Moroccan-American filmmaker

Ayoub Qanir (born 1983) is an American filmmaker and writer, known for his films Artificio Conceal and The World of Which We Dream Doesn't Exist. He is also a graphic novelist. In 2015, he was knighted by the King of Morocco.

==Early life and education==

Qanir was born in 1983 in Casablanca, Morocco. He grew up in Madrid, Spain where as a kid he would shoot short films with his friends in his parents' backyard using a Handycam. He later moved to the United States where he graduated from the University of Miami with a double major in management and finance. He also studied nanotechnology at Harvard and film direction at the Lee Strasberg Theatre and Film Institute.

==Career==

Qanir began his career directing and producing music videos and short documentaries. In 2009, he began writing fiction by releasing a series of comic books in collaboration with Juan Doe. Some of Qanir's earlier work includes films such as Human After All and Koyakatsi.
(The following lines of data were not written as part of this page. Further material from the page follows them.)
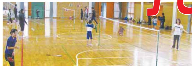
親子バドミントン教室
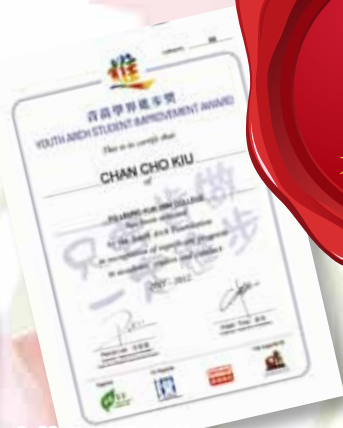
青苗學界進步獎 2011-2012 進步獎 26 名
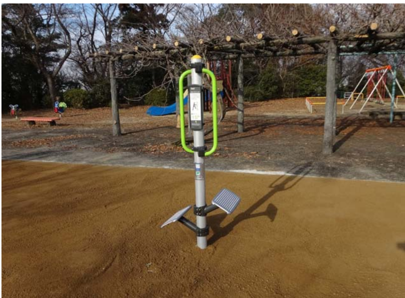
01-3_八ツ面山公園 備考： 健康遊具設置 ②ふみいたストレッチ
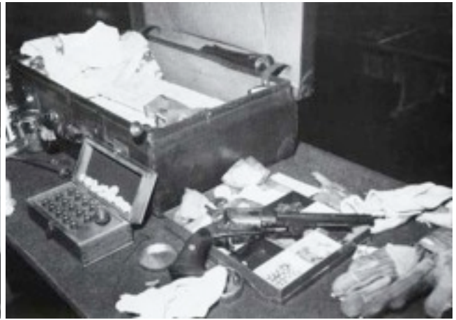
Zubehör für einen
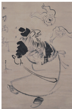
仙厓義梵《鍾馗図》 江戸時代
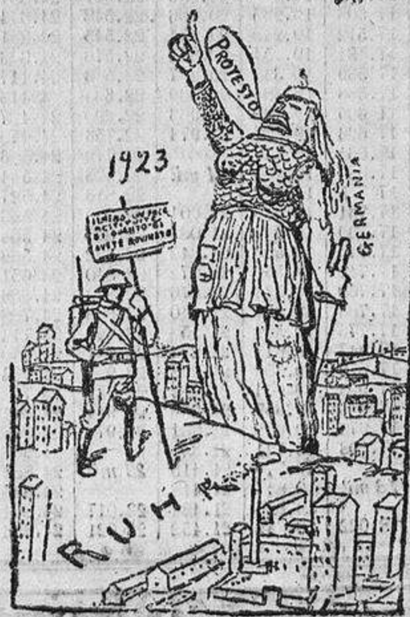
Alemania protesta contra la invasión francesa; pero...
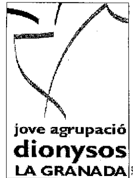
Logo de la Jove Agrupació Dionysos de la Granada

A més de la Mostra de Vins DO Penedès i Caves, la Jove Agrupació Dionysos aprofita el romanent de vi que queda d'aquest certamen per promocionar els vins de la

His first film to gain traction was Artificio Conceal, a 2014 film with David Bailie. He presented it at the Festival International de Films de Montréal where he also moderated a discussion on imagination as a means of survival. It played at over 50 film festivals, including being shortlisted at the 2015 Cannes Film Festival, and won numerous awards including "Best Short Film" at the 2015 Bengaluru International Short Film Festival. In November 2015, Qanir became a Knight of the Order of Ouissam Alaouite awarded by the King of Morocco.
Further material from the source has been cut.